Correlation Between Orezone Gold and Fortuna Silver

Specify exactly 2 symbols:
Can any of the company-specific risk be diversified away by investing in both Orezone Gold and Fortuna Silver at the same time? Although using a correlation coefficient on its own may not help to predict future stock returns, this module helps to understand the diversifiable risk of combining Orezone Gold and Fortuna Silver into the same portfolio, which is an essential part of the fundamental portfolio management process.
By analyzing existing cross correlation between Orezone Gold Corp and Fortuna Silver Mines, you can compare the effects of market volatilities on Orezone Gold and Fortuna Silver and check how they will diversify away market risk if combined in the same portfolio for a given time horizon. You can also utilize pair trading strategies of matching a long position in Orezone Gold with a short position of Fortuna Silver. Check out your portfolio center. Please also check ongoing floating volatility patterns of Orezone Gold and Fortuna Silver.

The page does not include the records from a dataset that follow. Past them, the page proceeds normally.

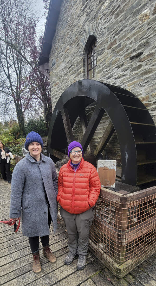 Hannah Menke (left) and Dallas Abbott, outside the Bridge End Mill, Killin, Scotland
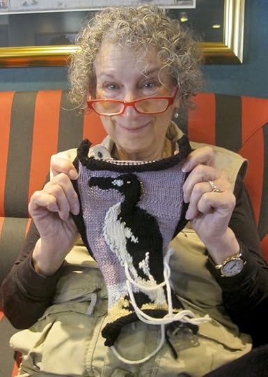 The rumors have been flying for a while, and now we can confirm it: acclaimed Canadian author Margaret Atwood is a knitter. And she's done us proud by contributing a knitted portrait of an Auk, an extinct bird, to an exhibition in London.
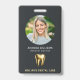 Modern, professional, and elegant dentist office photo ID badge. This design features a single photo, name, title, and business name on the front, complemented by a gold tooth logo on a dark background. Further personalise the back with your address. This ID badge is perfect for dental office employees, offering a sophisticated and cohesive look for your team.
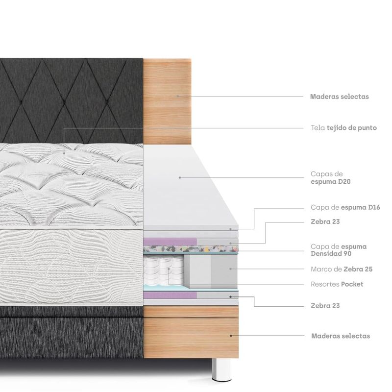 Creado con tela tejido de punto que le brindará frescura a tu descanso y un acolchado suave para una mayor comodidad. Además sus resortes pocket son encapsulados para que nada interrumpa tu sueño. Por dentro está conformado por capas de espuma Zebra 23 que fortalecerán el colchón y un marco de espuma Zebra 25 recubriendo el todo el contorno de los resortes Pocket para darle estabilidad.
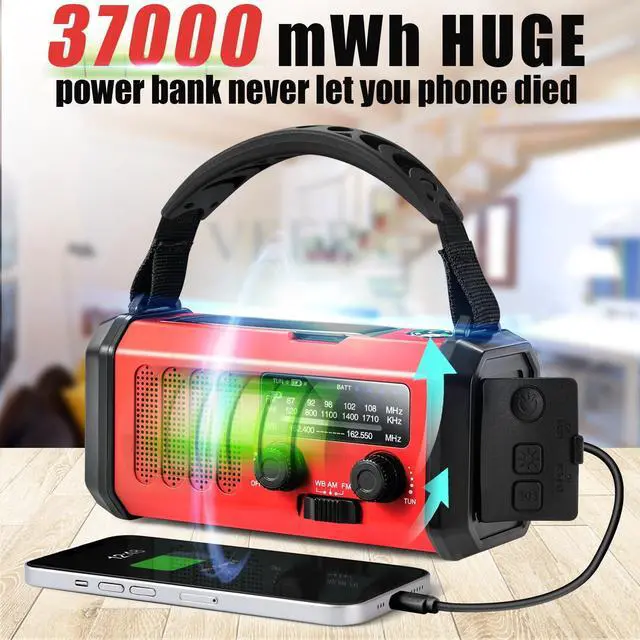 Emergency radio-The emergency weather radio can receive NOAA /AM/FM signal. When you in emergency, turn it on that it provide the weather important information for you needs. You can get the latest emergency weather news and information for outside. Weather radio is you frist choise. Let you no longer lose outside information in dangerous weather. Pertect you and your family in dangerous. Great for tornadoes, tsunamis, Wildfire, hurricane & snowstorm. ^^ Huge power backup-The battery operated radio have 10000mAh which is super huge emergency power. It would not never let your phone power off.
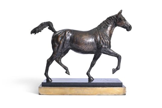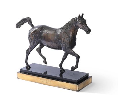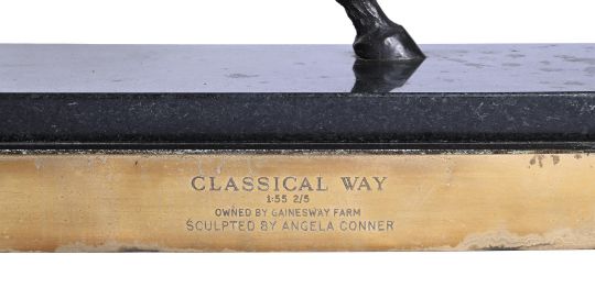 ANGELA CONNER (BRITISH B. 1935) CLASSICAL WAY Bronze Signed and numbered 12/16 (to underside) and engraved inscription to plaque 37 x 53cm (14½ x 20¾ in.) exc. base Edition 2 of 5. Provenance: Direct from the artist's studio collection 'One of the reasons I love riding is that I love the way a pair of fine reins can control the movement of a massive form.' Angela Conner Please note that this work is signed and numbered 12/16 (to underside). Condition Report: Some light surface dirt with green verdigris to one side of the horse's torso and legs. There is a small patch of white ingrained dirt/verdigris to the opposite side on the horse's mane, under the raised hoof and to the horse's underside. The engraved plaque is loose from the base. Otherwise, in good original condition.Condition Report Disclaimer

Diversification Opportunities for Orezone Gold and Fortuna Silver

0.61
  Correlation Coefficient

Poor diversification

The 3 months correlation between Orezone and Fortuna is 0.61. Overlapping area represents the amount of risk that can be diversified away by holding Orezone Gold Corp and Fortuna Silver Mines in the same portfolio, assuming nothing else is changed. The correlation between historical prices or returns on Fortuna Silver Mines and Orezone Gold is a relative statistical measure of the degree to which these equity instruments tend to move together. The correlation coefficient measures the extent to which returns on Orezone Gold Corp are associated (or correlated) with Fortuna Silver. Values of the correlation coefficient range from -1 to +1, where. The correlation of zero (0) is possible when the price movement of Fortuna Silver Mines has no effect on the direction of Orezone Gold i.e., Orezone Gold and Fortuna Silver go up and down completely randomly.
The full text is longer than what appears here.